» ASSIGNMENT
Exactly as written, reproduce the lines from the beginning of the data through the line containing "Ogromny wybór i"; the pictures are not reproduced.

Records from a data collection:
-- Opening Marker --

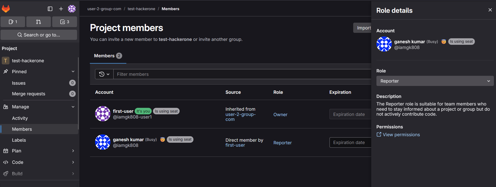 project-1>memberssection & invite theattackeruser with thereporterrole
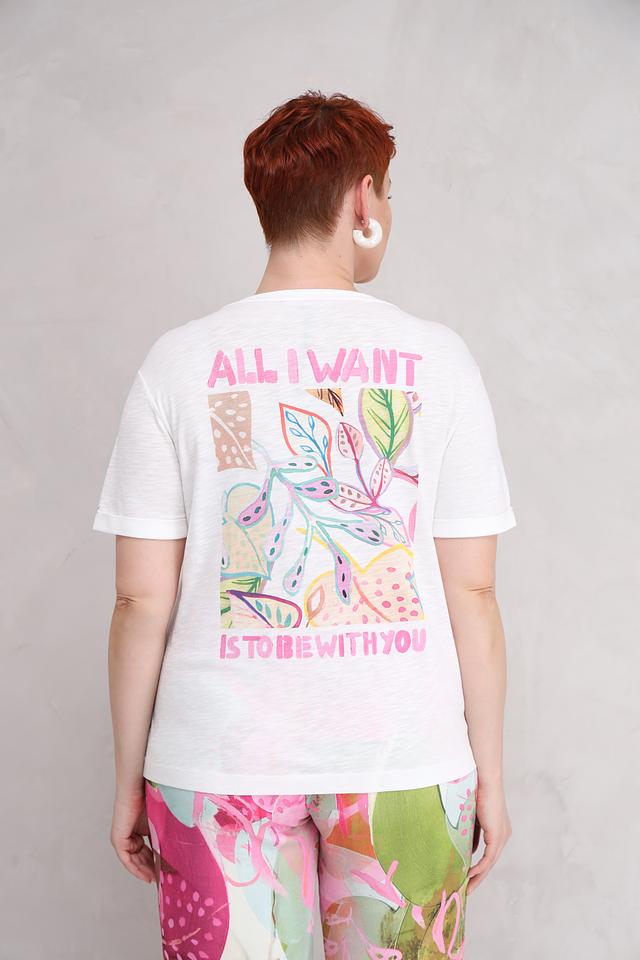 Эта стильная футболка от Lecomte станет отличным дополнением к вашему гардеробу. Выполнена в белом цвете и украшена ярким, красочным принтом с изображением листьев и надписью "ALL I WANT IS TO BE WITH YOU".
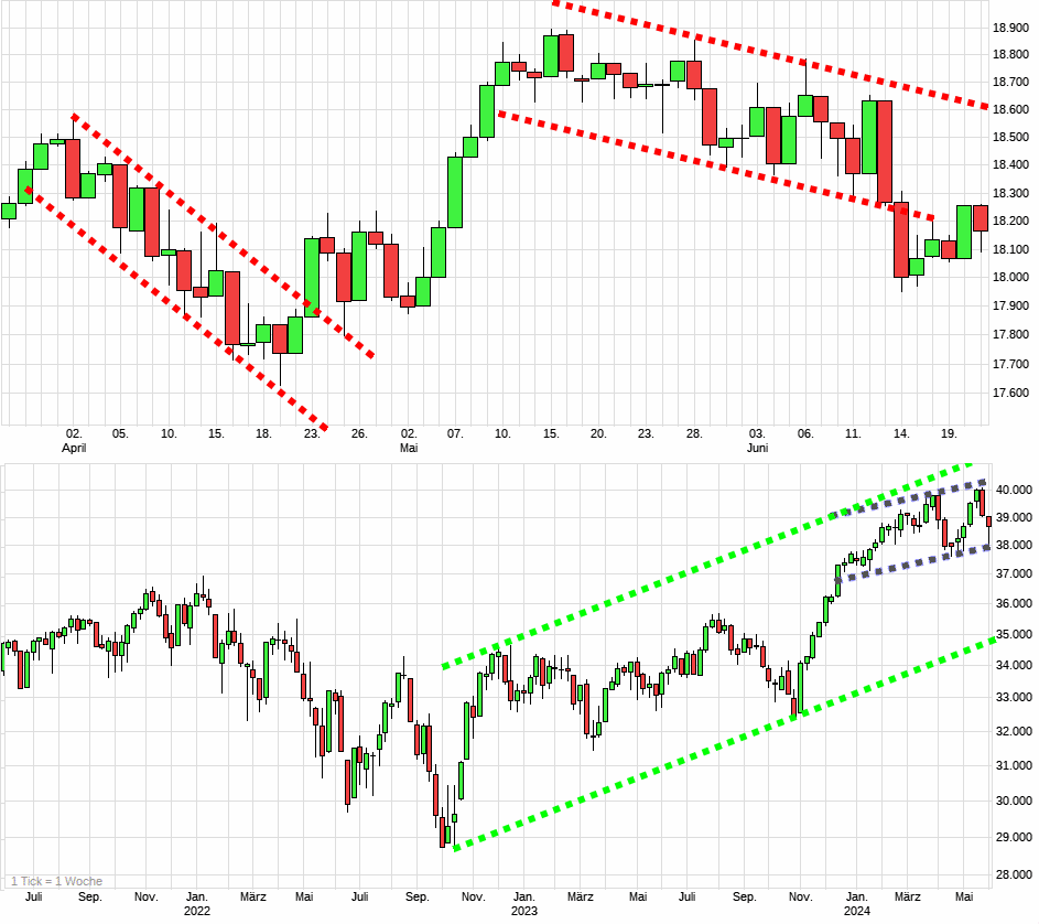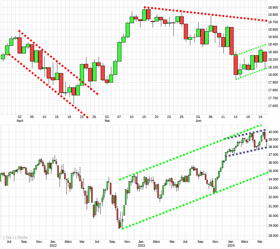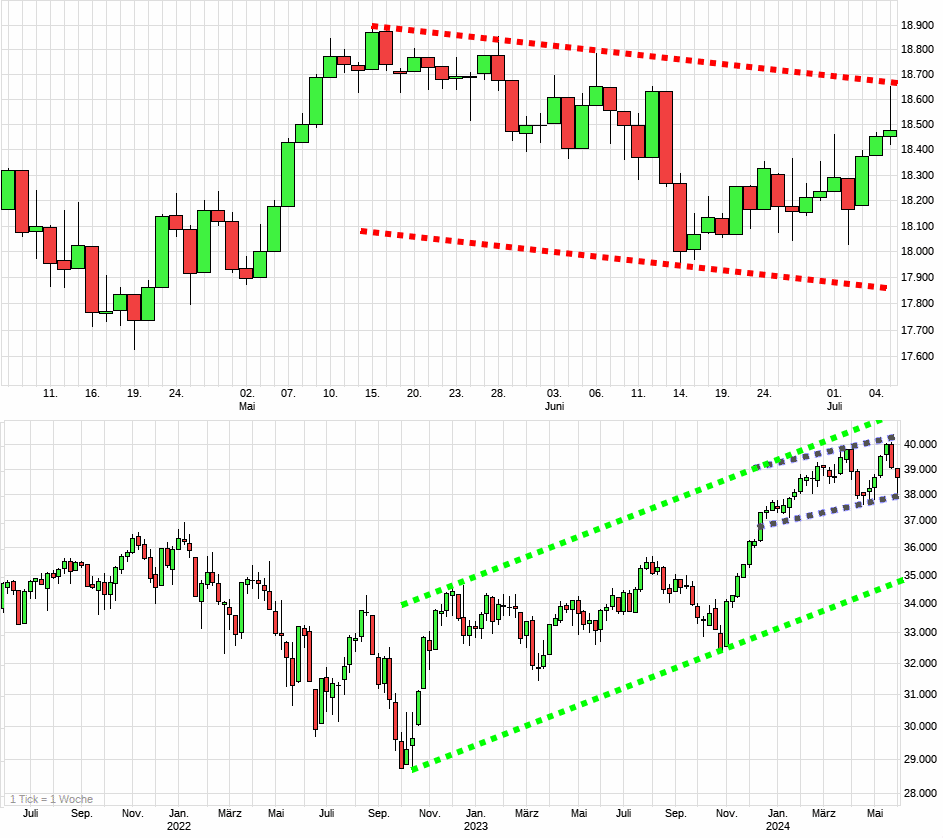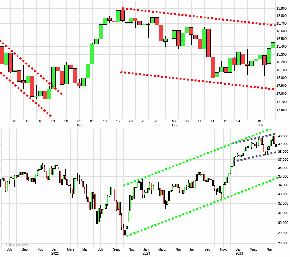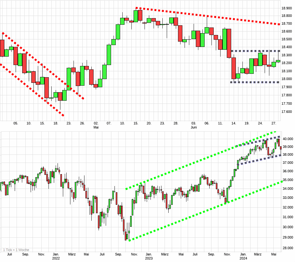 Die aktuelle Lage 18000 sind psychologi­sch wichtig und oben inzwischen­ 18600.
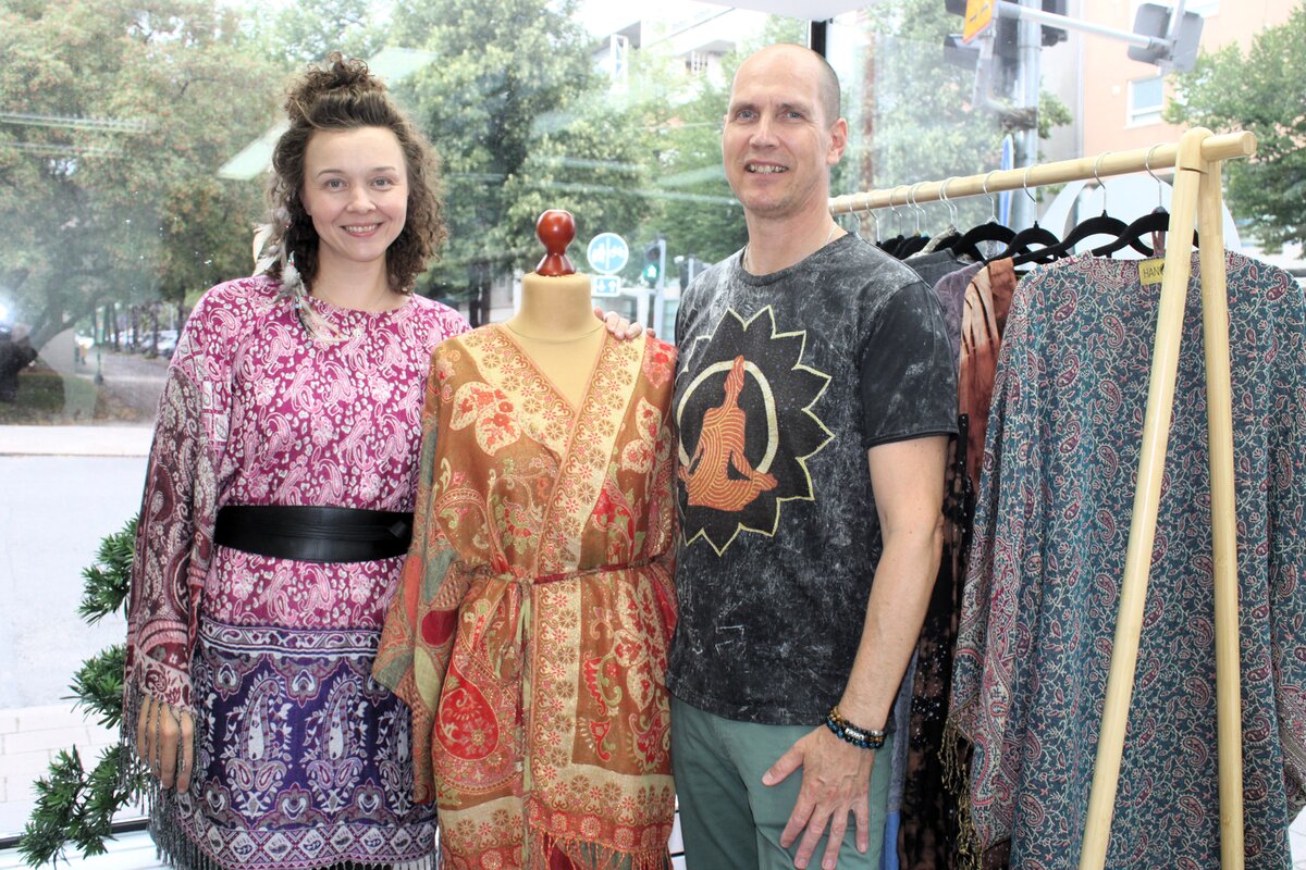 – Meitä kiinnostaa jooga ja nyt hankimme retkeilyauton, jonka kanssa matkustimme viimeksi saaristossa. Käymme sen kanssa myös yhdessä festivaaleilla, joissa meillä on neljän neliön myyntiteltassa kimono-malliston lisäksi myös Jan-Erikin intialainen päähierontapiste.
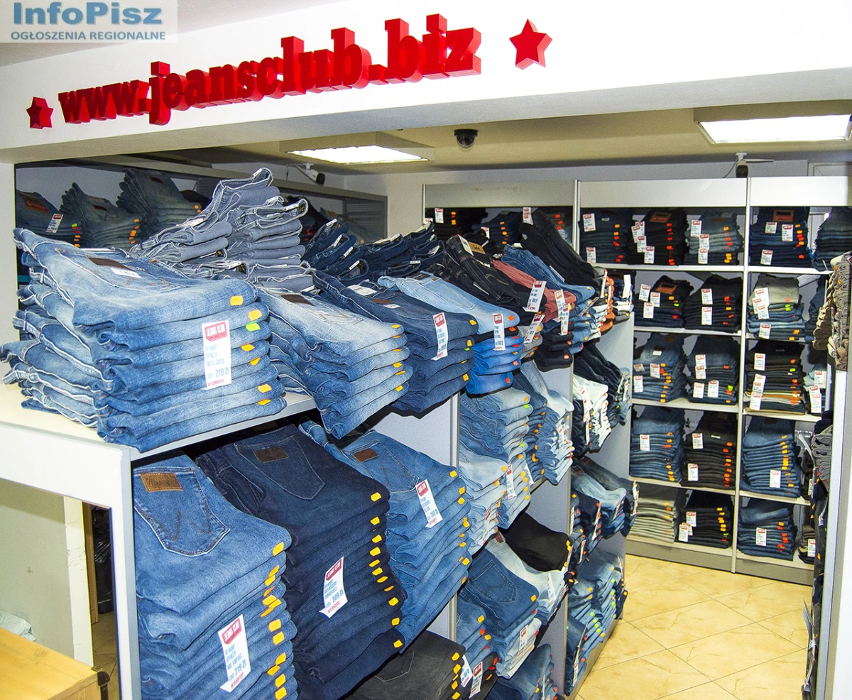 Ogromny wybór i najniższe ceny!!! Zarówno spodnie jeans jak i materiałowe oraz sztruksy. Modele klasyczne, rurki, slim, bojówki oraz poszerzane - bootcut. Kurtki jeans, krótkie spodenki, skórzane paski, koszule, bluzy, swetry, t-shirty, czapki itp... Sklep JEANS CLUB; Pisz; ul. Wojska Polskiego 12 B (przy widełkach z ul. Mazurską). Zapraszamy od godz. 9:00 do 17:00 (sobota do godz. 14:00)
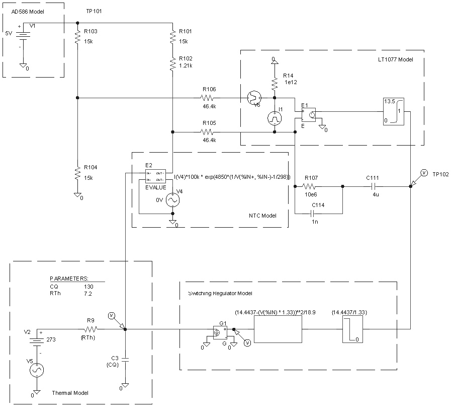 How are the thermal model parameters determined? For the capacitor this was easy: put the oven mass on a scale (~0.145kg) and multiply by the specific heat capacity of aluminium (896 J / kg K). For the thermal resistance one could take surface area (~0.032m^2) and find heat conduction values of typical foams. The problem is to find the right foam and correctly guess the losses due to slots in the foam, and cabling. However, it is much easier to measure the voltage on TP102 and adjust the thermal resistor in the model to obtain the same value. This resulted in a resistor of Rth = 7.2R.
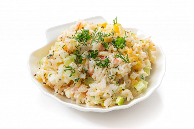 Все как в лучших домах: крабовые палочки, яйца, кукуруза, лук, рис, майонез. И укроп — как главная русская специя.
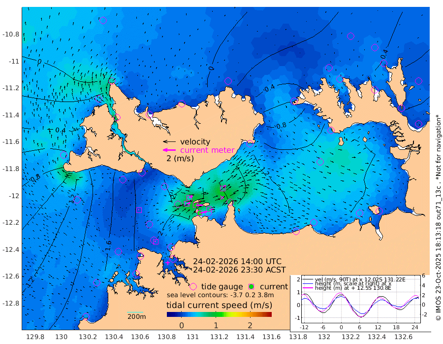 117cm/s 78T +4cm/s rms + 6cm/s 51T. Darwin_C1 52m 70cm/s 91T +4cm/s rms + 7cm/s -161T. Darwin_CW1 22m 61cm/s 73T +4cm/s rms + 8cm/s 61T. Darwin_CW2 34m 69cm/s 44T +3cm/s rms + 9cm/s 98T. Darwin_CW3 22m 104cm/s 90T +5cm/s rms + 7cm/s 88T. Darwin_C3 56m 63cm/s 64T +2cm/s rms + 9cm/s -126T. Darwin_CTbW 22m 9cm/s -50T +1cm/s rms + 1cm/s -47T. DARBGF 30m 16cm/s -31T +4cm/s rms + 3cm/s 80T. NRSDAR 19m -27cm Goodrich Bank 92cm Point Jenny 91cm Native Point 105cm Fish Reef 114cm Tapa Bay 19cm Point Fawcett (Offshore) 130cm Burge Point 102cm Munkunuwa 70cm Beagle A 144cm Parsons Bank 122cm Fenton Patches 141cm Hancox Shoal Area 135cm Nightcliff 157cm Darwin 126cm Charles Point Patches 135cm Glyde Point 131cm Chambers Bay 143cm Point Stuart 129cm Cape Hotham 119cm Christine Reef 154cm West Alligator Head 152cm East Field Island 121cm Two Hills Bay 107cm Camp Point 112cm Medina Inlet South 17cm South Barlow Point -12cm St. Asaph Bay -25cm Cape Van Dieman -13cm Snake Bay -18cm Cache Point 4cm Point Jahleel (Off) 56cm Cape Don 21cm Port Essington 21cm Smith Point - West 25cm NW Peacock Island -3cm North Of Jones Shoal 3cm Peacock Island 64cm Point David 32cm D'urville Point 67cm Copeland Island 55cm One Tree Point
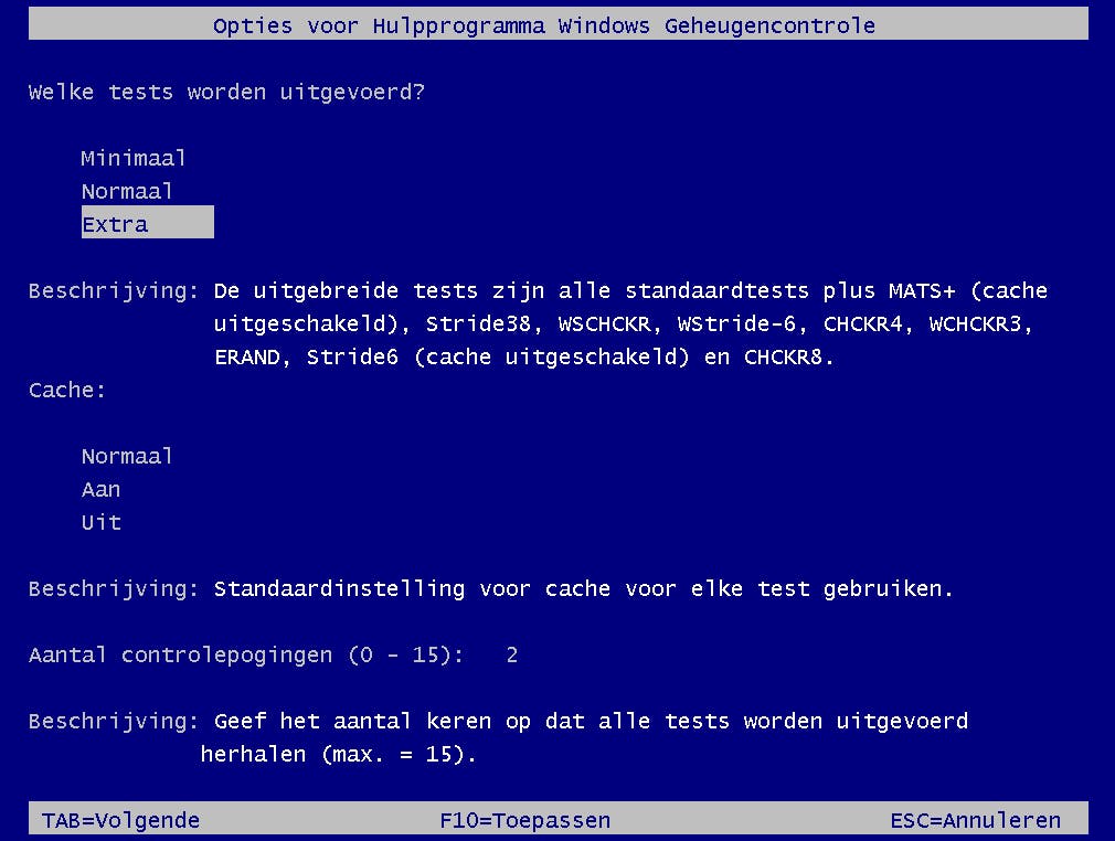 Standaard wordt elke test tweemaal uitgevoerd, maar dat kun je eventueel opvoeren tot vijftien keer. Afhankelijk van je systeem en de ingestelde parameters kan zo’n testreeks enkele minuten tot enkele uren duren. Met F10 pas je de ingestelde waarden toe en kan de controle beginnen.
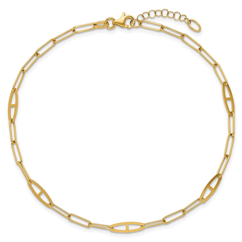 Leslie's 14K Fancy Paperclip Link 9 inch Plus 1 inch Extender - Total 10 inch Anklet
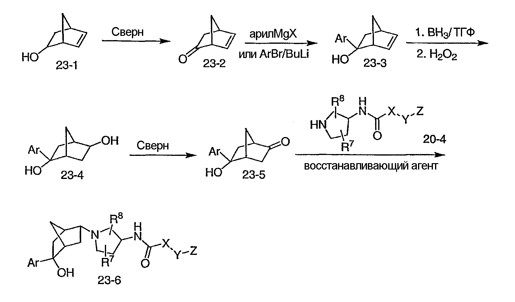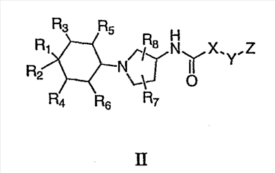 где значения X, Y, Z, R1, R2, R3, R4, R5, R6, R7 и R8 подробно раскрыты ниже при описании предпочтительных вариантов; ради краткости следует указать, что каждая из групп заместителей определена как наиболее предпочтительная подгруппа соответствующих групп заместителей, как определено для соединений формулы I.
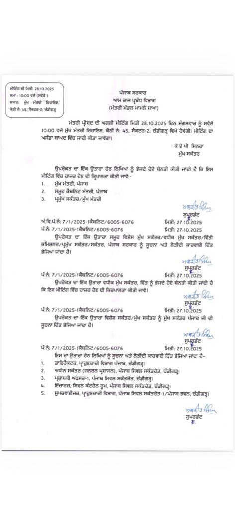 ਚੰਡੀਗੜ੍ਹ, 27 ਅਕਤੂਬਰ 2025 (ਦੀ ਪੰਜਾਬ ਵਾਇਰ)। ਮੁੱਖ ਮੰਤਰੀ ਭਗਵੰਤ ਮਾਨ ਨੇ 28 ਅਕਤੂਬਰ ਨੂੰ ਸਵੇਰੇ 10 ਵਜੇ ਮੁੱਖ ਮੰਤਰੀ ਨਿਵਾਸ ਵਿਖੇ ਕੈਬਨਿਟ ਮੀਟਿੰਗ ਬੁਲਾਈ ਹੈ। ਮੀਟਿੰਗ ਵਿੱਚ ਸ਼ਹੀਦੀ ਦਿਵਸ ਨੂੰ ਵੱਡੇ ਪੱਧਰ ‘ਤੇ ਮਨਾਉਣ ਲਈ ਮਹੱਤਵਪੂਰਨ ਪ੍ਰਸਤਾਵਾਂ ਅਤੇ ਸ੍ਰੀ ਆਨੰਦਪੁਰ ਸਾਹਿਬ ਵਿੱਚ ਵਿਸ਼ੇਸ਼ ਵਿਧਾਨ ਸਭਾ ਸੈਸ਼ਨ ਬੁਲਾਉਣ ਨੂੰ ਮਨਜ਼ੂਰੀ ਦਿੱਤੀ ਜਾ ਸਕਦੀ ਹੈ।
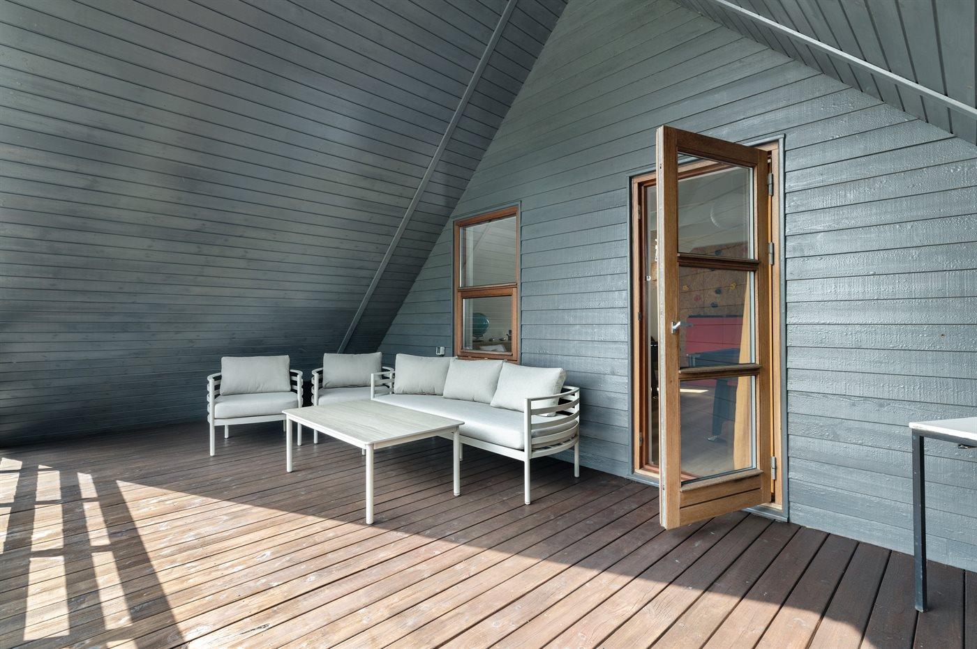 Dejligt stort og nydeligt sommerhus med plads til hele familien både ude og inde. Huset er godt indrettet på de to plan og har på 1. salen aktivitetsrum med flere aktiviteter, herunder klatrevæg. Fra aktivitetsrummet er der udgang til en dejlig altan med udendørs loungeområde.
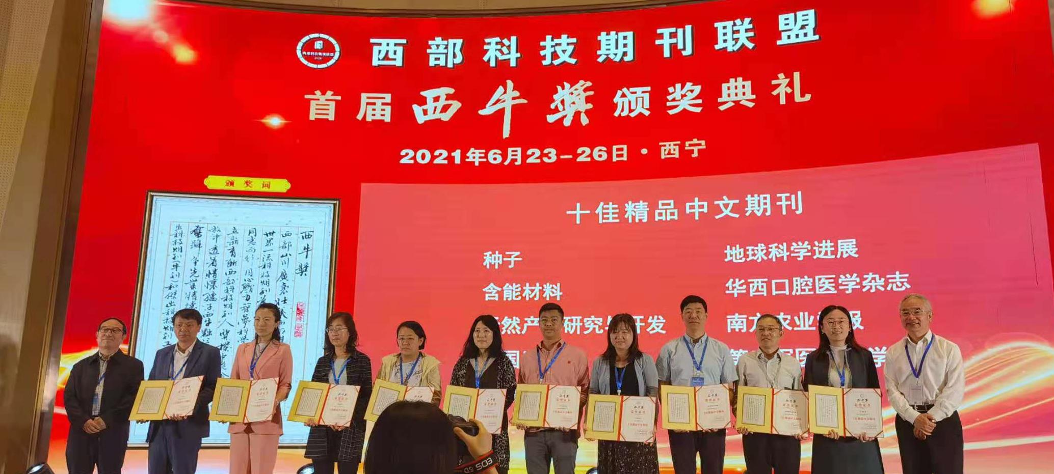 會上還舉行了由西部科技期刊聯(lián)盟評選的首屆西牛獎的頒獎典禮,共59家期刊、10個新媒體平臺、18個編輯團隊以及59位主編(社長)、編輯部主任、編輯獲獎。西北研究院主辦的《地球科學進展》獲“十佳精品中文期刊”,《中國沙漠》獲“十佳優(yōu)秀中文期刊”,Sciences in Cold and Arid Regions獲“十佳優(yōu)秀英文期刊”,《天然氣地球科學》編輯團隊、《黃金科學技術》學術出版團隊獲“十佳編輯團隊”,侯春梅被評為“十佳主編(社長)”,馬素萍被評為“十佳編輯部主任”,賀郝鈺、李小燕被評為“十佳編輯”,陶華被評為“十佳青年編輯”。
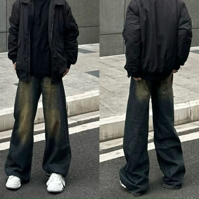 American washed blue belt jeans for men, vintage pants, high street vibe workwear bootcut pants

-- Closing Marker --

» REPLY
 project-1>memberssection & invite theattackeruser with thereporterrole
 Эта стильная футболка от Lecomte станет отличным дополнением к вашему гардеробу. Выполнена в белом цвете и украшена ярким, красочным принтом с изображением листьев и надписью "ALL I WANT IS TO BE WITH YOU".
 Die aktuelle Lage 18000 sind psychologi­sch wichtig und oben inzwischen­ 18600.
 – Meitä kiinnostaa jooga ja nyt hankimme retkeilyauton, jonka kanssa matkustimme viimeksi saaristossa. Käymme sen kanssa myös yhdessä festivaaleilla, joissa meillä on neljän neliön myyntiteltassa kimono-malliston lisäksi myös Jan-Erikin intialainen päähierontapiste.
 Ogromny wybór i najniższe ceny!!! Zarówno spodnie jeans jak i materiałowe oraz sztruksy. Modele klasyczne, rurki, slim, bojówki oraz poszerzane - bootcut. Kurtki jeans, krótkie spodenki, skórzane paski, koszule, bluzy, swetry, t-shirty, czapki itp... Sklep JEANS CLUB; Pisz; ul. Wojska Polskiego 12 B (przy widełkach z ul. Mazurską). Zapraszamy od godz. 9:00 do 17:00 (sobota do godz. 14:00)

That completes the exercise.